Tribünlerdeki arbede, kimin nerede oturacağı kavgası, siyasi güç gösterileri ve en önemlisi de gazeteciye yapılan saldırı…
Görünen tablo basit bir tribün gerginliği gibi sunulmaya çalışılsa da perde arkasında çok daha vahim bir durum var.
Öncelikle altını kalın çizgilerle çizelim: Protokol tribünleri ne parası olanın, ne siyasete yaslananların, ne de güç gösterisi yapmak isteyenlerin yeri değildir.
O koltuklar; devletin resmi protokol listesine göre belirlenir.
Spor İl Müdürlüğü’nün elinde net bir liste vardır.
Kim nerede oturacak, hangi misafirin yeri neresidir, bellidir.
Oraya kafasına esenin, arkasına aldığı bir grubun zoruyla girmesi kabul edilemez.
Peki Pendik maçında ne oldu?
Orada yaşanan kavga, yalnızca bir “yer kapma” meselesi değildir.
Birileri bu meseleyi bilinçli olarak büyüttü.
Kavganın fitilini kim ateşledi, hangi STK başkanı olayın neresindeydi, kimler gazeteciyi hedef gösterdi, sorular hâlâ cevapsız.
Daha vahimi, görevini yapmak için orada bulunan bir gazeteciye 25 kişilik bir grubun saldırmasıdır.
Soruyoruz:
– Bu gazeteciye saldırı talimatını kim verdi?
– O 25 kişilik grup içeriye nasıl sokuldu?
– Bu çetelerin arkasında kimler var?
– Gazetecinin sakatlanması pahasına saldırıya uğraması kimin umurunda oldu?
Cevap: Hiç kimsenin!..
Evet, taraflar kendi aralarında barıştı, el sıkıştı. Ama ekmeğinin peşinde olan, haber yapmak için orada bulunan gazeteci yalnız bırakıldı.
Kimse çıkıp “Neden saldırdınız?”, “Durumu nedir?” diye sormadı.
O gazetecinin can güvenliği, itibarı, emeği kimin umurunda?
Basit bir soru:
Ya o gün gazeteci arkadaşımız ciddi şekilde yaralansaydı?
Ya Allah korusun canına kast edilmiş olsaydı?

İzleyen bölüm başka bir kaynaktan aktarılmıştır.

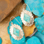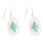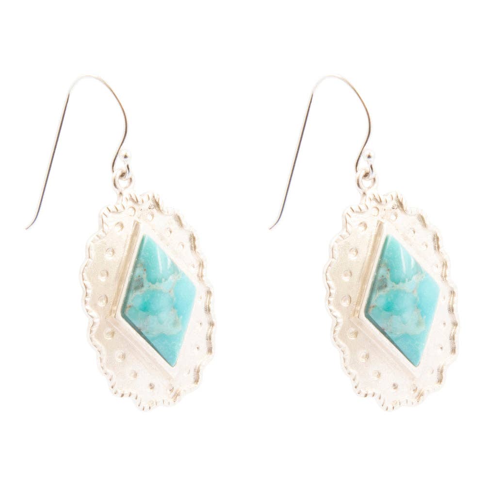 Featuring a genuine blue turquoise stone set at the center, these earrings are framed with intricate sterling silver accents. Meticulously handcrafted and polished to perfection, they offer timeless elegance with artisanal charm. Description: Blue turquoise is a captivating gemstone recognized for its sky-blue hue and natural veining patterns. It has been admired for centuries as a symbol of beauty and protection. Fun Fact: Turquoise is the designated birthstone for December, representing wisdom, good fortune, and peace. It is also considered one of the oldest gemstones ever used in jewelry. Natural variances are part of the beauty of our genuine stones. Your piece will vary slightly from the image shown.
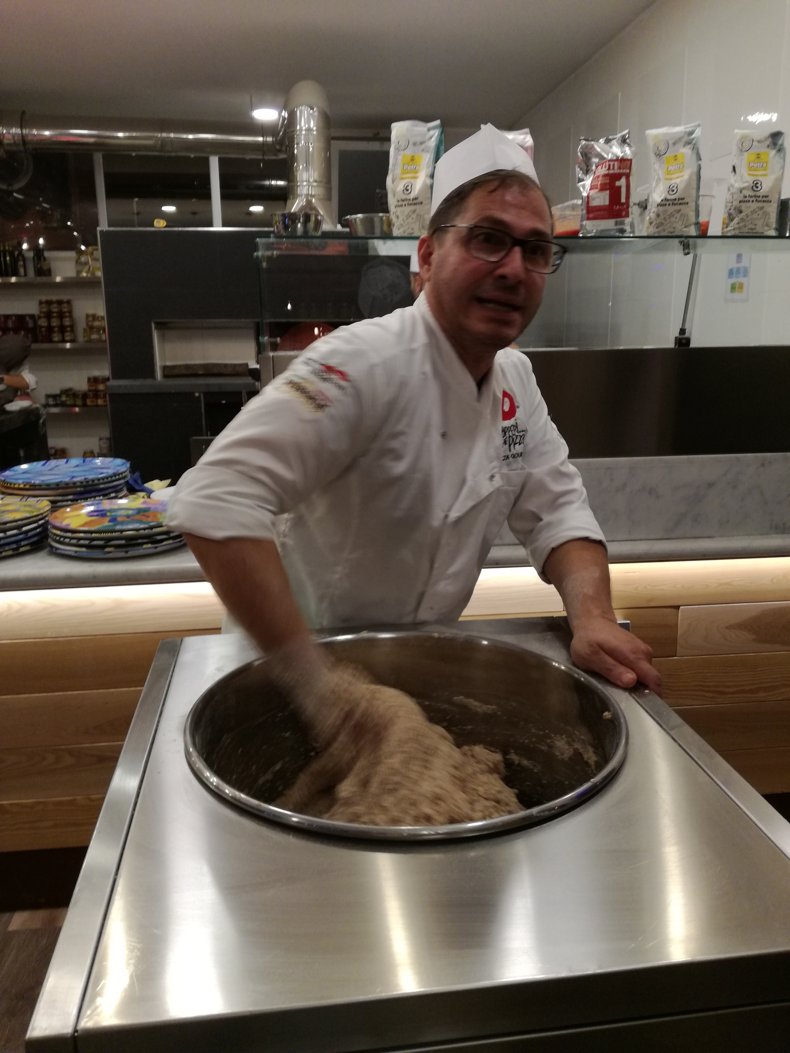 Insomma che dire tutto squisito, tutto meraviglioso, menù ricchissimo di proposte riguardanti anche i fritti, carta delle birre, dei vini e dei distillati ben assortita, curata dal bier sommelier Gilberto Acciaio. Impasti ben idratati, farine semi-integrali e integrali selezionatissime del Molino Quaglia, prodotti eccellenti, cornicione pronunciato al punto giusto, la tradizione che si rinnova con proposte sempre originali ed allettanti. Cosa desiderare di più? Perfino il capo pizzaiolo Cosimo Bonavita, pizzaiolo gourmet di terzo livello, allievo del conosciutissimo maestro Luigi Acciaio, che tiene corsi sulla pizza in tutta Italia, mi ha spiegato la tecnica di lavorazione del suo impasto a mano di farina integrale Petra 9, ottenuto grazie all’ausilio di un’impastatrice A.T. di ultima generazione, che non va a sostituire il lavoro manuale dell’artigiano, ma solo a migliorarlo.
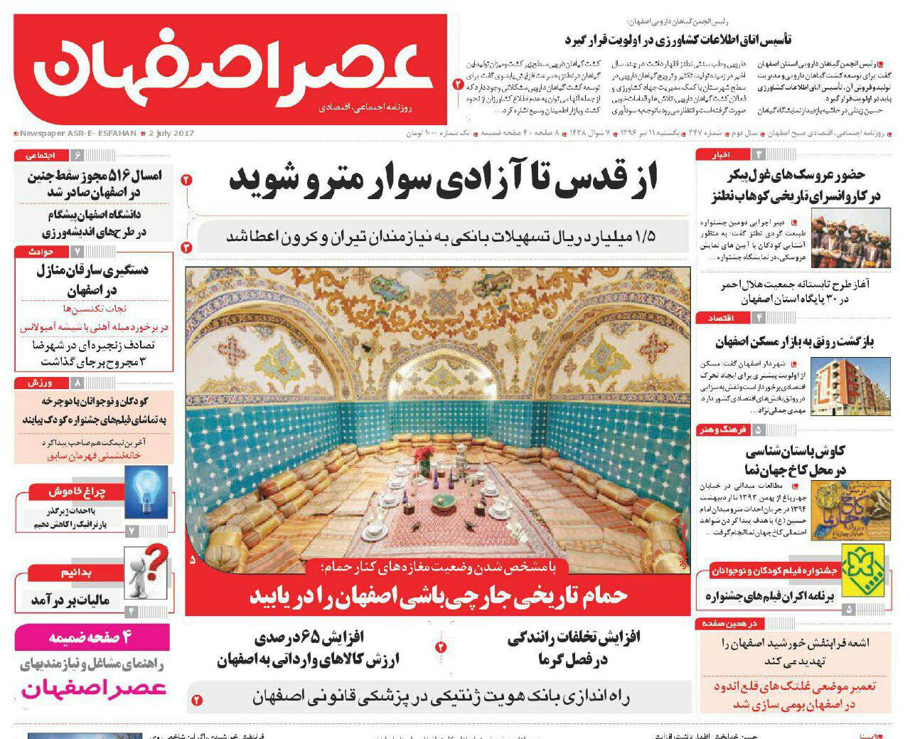 صفحه نخست روزنامه های امروز اصفهان ، 11 تیر 1396
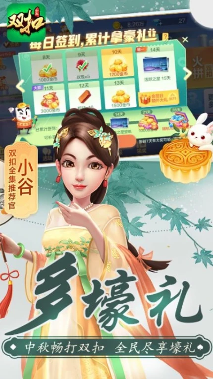 双扣全集以浙江温州传统扑克玩法为基础,创新整合全国多地区特色规则。游戏支持经典双扣、百变双扣、斗地主等十余种模式,玩家可体验多炸弹连击、贡献机制等进阶玩法。系统内置中秋节限时活动与超高倍率赛事,提供角色收集、福利礼包等养成要素。通过优化匹配算法与公平对战机制,确保玩家获得流畅的竞技体验。

Kim verecekti, bunun hesabını?
Yine üstü mü örtülecekti?
Bu olaydan çıkarılacak en önemli ders şudur: Protokol, protokol gibi yönetilmelidir.

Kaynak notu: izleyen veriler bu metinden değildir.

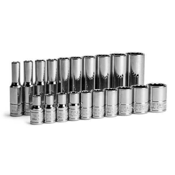 Capri Tools 1/4 in. Drive 12-Point Shallow and Deep Socket Set, SAE, 3/16 to 9/16 in, SAE, 20-Piece
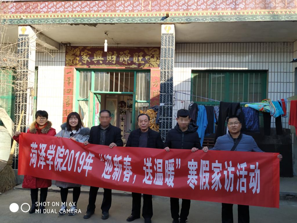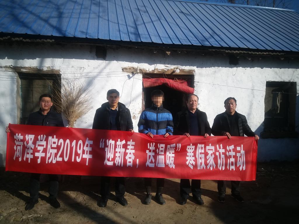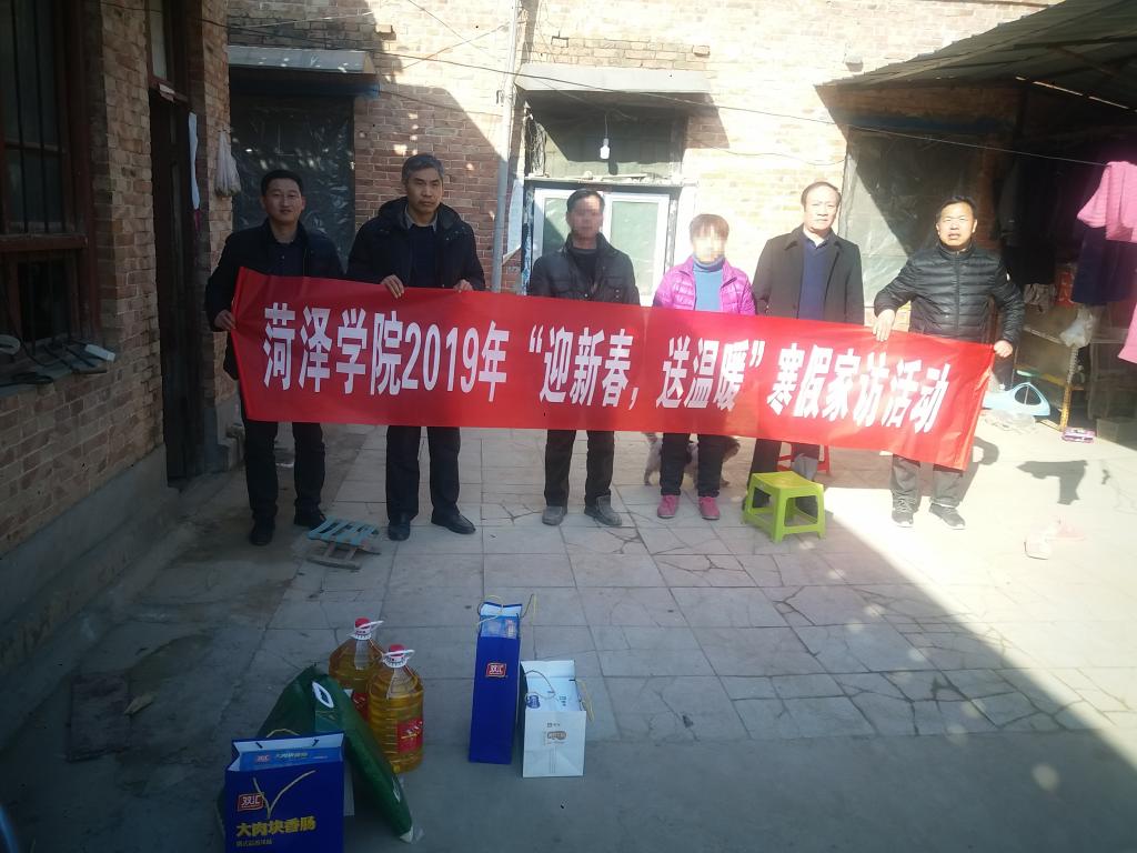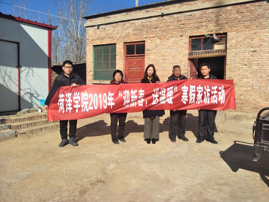 为进一步促进学生发展,构建良好家校合作机制,完善资助育人体系,落实高校立德树人的根本任务,按照《beat365平台官方网站2019年寒假家访活动实施方案》的具体要求,beat365平台官方网站精心组织并扎实开展了寒假家访活动。1月22日,学院领导班子及全体辅导员、班主任代表组成了3个家访团队,分别赶赴单县、曹县、巨野县、东明县等地进行了家访活动。
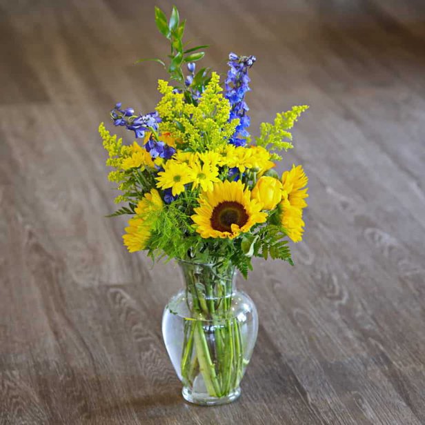 Brighten anyone’s day with this custom bouquet filled with bright yellow sunflowers and daisies reminiscent of a sunny day, accented with vibrant blue delphinium and mixed greens. Flowers varieties and container style may vary based on availability.
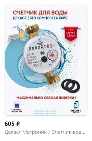 На вайлдберриз был куплен новый прибор “Счетчик воды универсальный для горячей и холодной воды ДЕКАСТ ОСВУ-15 БЕЗ комплекта монтажных частей” за 605 руб. (сейчас он стоит еще меньше - 528 руб.). Что сказать за счетчик? Российское производство, корпус из латуни, крыльчатка, вращающаяся в струе воды и соединенная с муфтой счетчика. Механизм защищен от магнитного воздействия специальным экраном. На счетчике реализован поворотный экран, который позволяет установить прибор на любом положении трубы. 3 года гарантии при сроке службы 15 лет, хотя его стоимость вполне позволяет менять на новый каждые 6 лет (срок поверки).
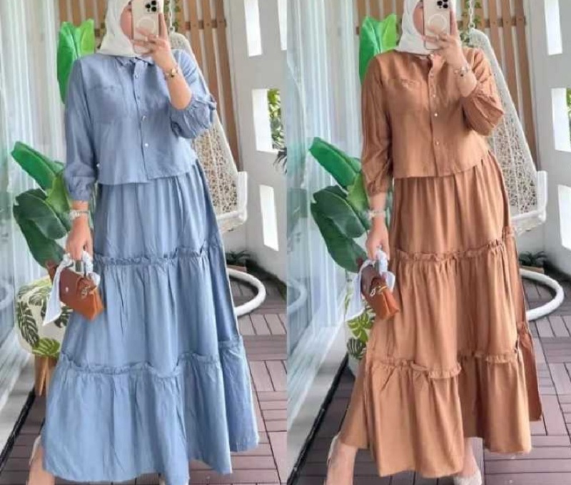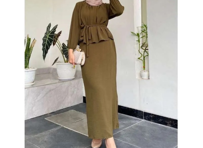 Bagi yang ingin tampil feminin, setelan crinkle dengan rok panjang adalah jawabannya. Rok dengan potongan melebar ke bawah memberikan efek lembut saat berjalan, ditambah atasan yang menyesuaikan bentuk tubuh. Cocok dikenakan di acara semi-resmi seperti lamaran atau undangan makan malam.

Spor İl Müdürlüğü’nün listesi dışında kimse o tribünlere adım atmamalıdır.
Çünkü orası ne şov yeri, ne güç gösterisi, ne de çeteleşmenin sahnesidir.
Gazeteciler ise tehdit altında değil, görevlerinin başında olmalıdır.

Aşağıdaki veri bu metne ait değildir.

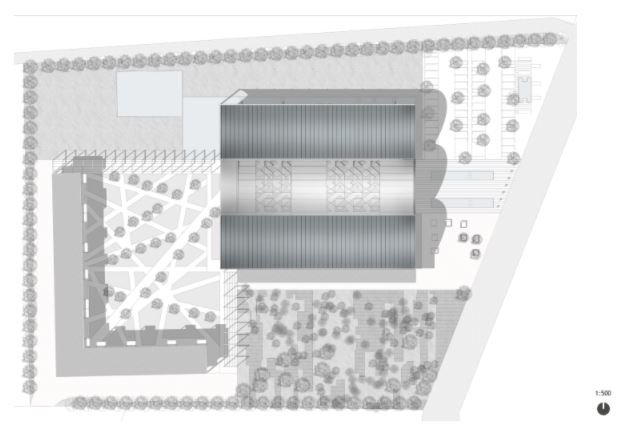 uno spazio a doppia altezza costituito da colonne in cemento, travi e solai. Aggiungendo localmente un nuovo piano intermedio, viene creata una hall interna aperta, circondata da atelier/dipartimenti; luoghi di lavoro e aule. Nelle navate laterali, a piano terra ci sono spazi per il dipartimento di diagnostica, day-hospital e
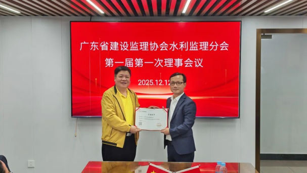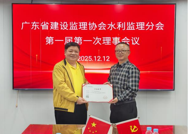 2025年12月12日下午,廣東省建設(shè)監(jiān)理協(xié)會(huì)水利監(jiān)理分會(huì)第一屆一次理事會(huì)議在廣州順利召開(kāi)。廣東省建設(shè)監(jiān)理協(xié)會(huì)秘書(shū)長(zhǎng)黃鴻欽、分會(huì)會(huì)長(zhǎng)鄭偉生及理事會(huì)成員共22人參加會(huì)議。會(huì)議由分會(huì)秘書(shū)長(zhǎng)陳光遠(yuǎn)主持。
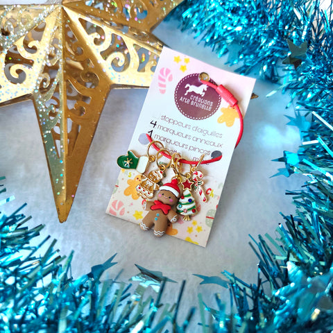 L'ensemble comprend 4 marqueurs sur anneaux et 1 bonhomme de pain d'épices sur pinces. Les anneaux dorés conviennent à des aiguilles jusqu'à 7.5mm. L'ensemble est aussi disponible exclusivement sur pinces dorées.

Gazeteciye saldırı, yalnızca bir kişiye değil, toplumun haber alma hakkına yapılmış bir saldırıdır.
Bu gerçeği görmek istemeyenler, aslında demokrasinin en önemli damarını tıkamaktadır.
Perşembe günü oynanacak maçta her şey daha net ortaya çıkacak.
Protokolde kimler oturacak, kimler dışarıda kalacak göreceğiz.
Umarım Pendikspor maçında yaşanan utanç verici tablo bir daha tekrar etmez.
Ama şu unutmasın:
Biz gazeteciler ne çetelere boyun eğeriz, ne de protokoldeki güç oyunlarına.
Bizim tek derdimiz, halkın haber alma hakkıdır.